Let $X$ be the set of all the real- (or complex-) valued functions that are defined and continuous on a closed interval $[a, b]$ on the real line, where $a$ and $b$ are some fixed real numbers such that $a < b$, with the inner product defined by $$ \langle x, y \rangle := \int_a^b x(t) \overline{y(t)} dt. \tag{0} $$
Is this inner product space also a Hilbert space?
My Attempt:
Let $\left( x_n \right)_{n \in \mathbb{N} }$ be a Cauchy sequence in $X$. Then, given any real number $\varepsilon > 0$, there exists a natural number $N_\varepsilon$ such that $$ \left\lVert x_m, x_n \right\rVert = \sqrt{ \int_a^b \left\lvert x_m(t) - x_n(t) \right\rvert^2} < \varepsilon \tag{1} $$ for any natural numbers $m$ and $n$ such that $m > N_\varepsilon$ and $n > N_\varepsilon$. [Refer to (0) above.]
What next? How to proceed from here? Or, is there a Cauchy sequence that fails to converge in our inner product space $X$?
PS:
Based on the Hint given by @belkacemabderrahmane, here is what I do further:
For each $n \in \mathbb{N}$, let us define the function $x_n \colon [a, b] \longrightarrow \mathbb{C}$ by the formula $$ x_n(t) := \left( \frac{t-a}{b-a} \right)^n. \tag{2} $$ Then we find that, for any natural numbers $m$ and $n$, we have $$ \begin{align} & \ \ \ \left\lVert x_m - x_n \right\rVert \\ &= \sqrt{ \int_a^b \left\lvert \left( \frac{t-a}{b-a} \right)^m - \left( \frac{t-a}{b-a} \right)^n \right\rvert^2 dt } \\ &= \sqrt{ \int_a^b \left[ \left( \frac{t-a}{b-a} \right)^m - \left( \frac{t-a}{b-a} \right)^n \right]^2 dt } \\ &= \sqrt{ \int_a^b \left[ \left( \frac{t-a}{b-a} \right)^{2m} - 2 \left( \frac{t-a}{b-a} \right)^{m+n} + \left( \frac{t-a}{b-a} \right)^{2n} \right] dt } \\ &= \sqrt{ \frac{1}{(b-a)^{2m}} \int_a^b (t-a)^{2m} dt - \frac{2}{(b-a)^{m+n} } \int_a^b (t-a)^{m+n} dt + \frac{1}{(b-a)^{2n} } \int_a^b (t-a)^{2n} dt } \\ &= \sqrt{ \frac{1}{(b-a)^{2m}} \frac{(b-a)^{2m+1} }{ 2m+1} - \frac{2}{(b-a)^{m+n} } \frac{ (b-a)^{ m+n+1 } }{ m+n+1 } + \frac{1}{(b-a)^{2n} } \frac{ (b-a)^{2n+1} }{ 2n+1} } \\ &= \sqrt{ (b-a) \left[ \frac{1}{2m+1} - \frac{2}{m+n+1} + \frac{1}{2n+1} \right] }, \end{align} $$ which can be made as small as we please by taking $m$ and $n$ sufficiently large.
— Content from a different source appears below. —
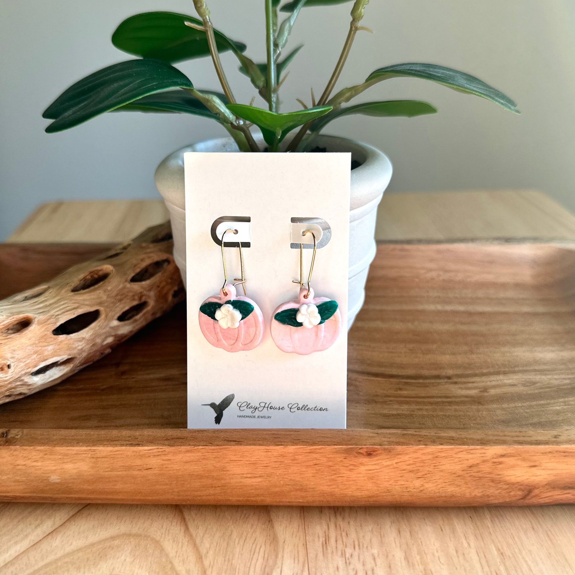 Pink Pumpkin w/ Flower & Leaf Clay Earrings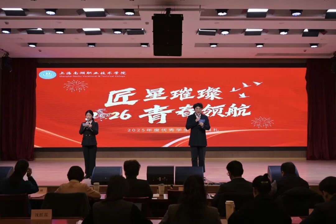 1月23日,上海南湖职业技术学院“匠星璀璨 青春领航”2025年度优秀学生颁奖典礼在5G实训中心二楼会议室隆重举行。虹口区教育局副局长、学院党委书记李琰,学院党委副书记、院长朱建柳,学院党委副书记、纪委书记赵锋,学院副院长朱清清、胡跃忠,学院工会主席、组织人事处主任杨柳出席本次活动,相关职能部门及各系部负责人、中高职贯通联合体单位代表、家长代表与获奖学生代表齐聚一堂,共同见证青春荣耀时刻,共话成长成才之路。

Thus our sequence $\left( x_n \right)_{n \in \mathbb{N} }$ is indeed a Cauchy sequence.
Suppose that this sequnece converges to some point $x \in X$. Then we have $$ \lim_{n \to \infty} \sqrt{ \int_a^b \left\lvert x_n(t) - x(t) \right\rvert^2 } = 0, $$ which implies $$ \lim_{n \to \infty} \int_a^b \left\lvert x_n(t) - x(t) \right\rvert^2 = 0 $$ also.
How to proceed from here? How to show rigorously and in detail that this function $x$ is not in our space?
Let's take $[a,b] = [0,1]$ for simplicity. A better try would be to take the functions which are $$ x_n(t) = \begin{cases} 0 & t < 1/2 - 1/n\\ \text{linear} & 1/2-1/n \le t < 1/2 \\ 1 & 1/2 \le t. \end{cases} $$ This was a hint provided in another question that was linked in the comments. Suppose that $x$ is a continuous function such that $x_n\to x$ in $X$. Then for any $\epsilon > 0$, check for yourself $$ \int_0^{1/2-\epsilon}|x(t)|^2\,dt = 0, $$ and $$ \int_{1/2}^1|x(t)-1|^2\,dt = 0. $$ Since we assume $x$ is continuous (i.e., $x\in X$), by standard arguments, you can conclude that $x(t) = 1$ for $t\ge 1/2$, and $x(t) = 0$ for $t < 1/2$. Why is this a contradiction?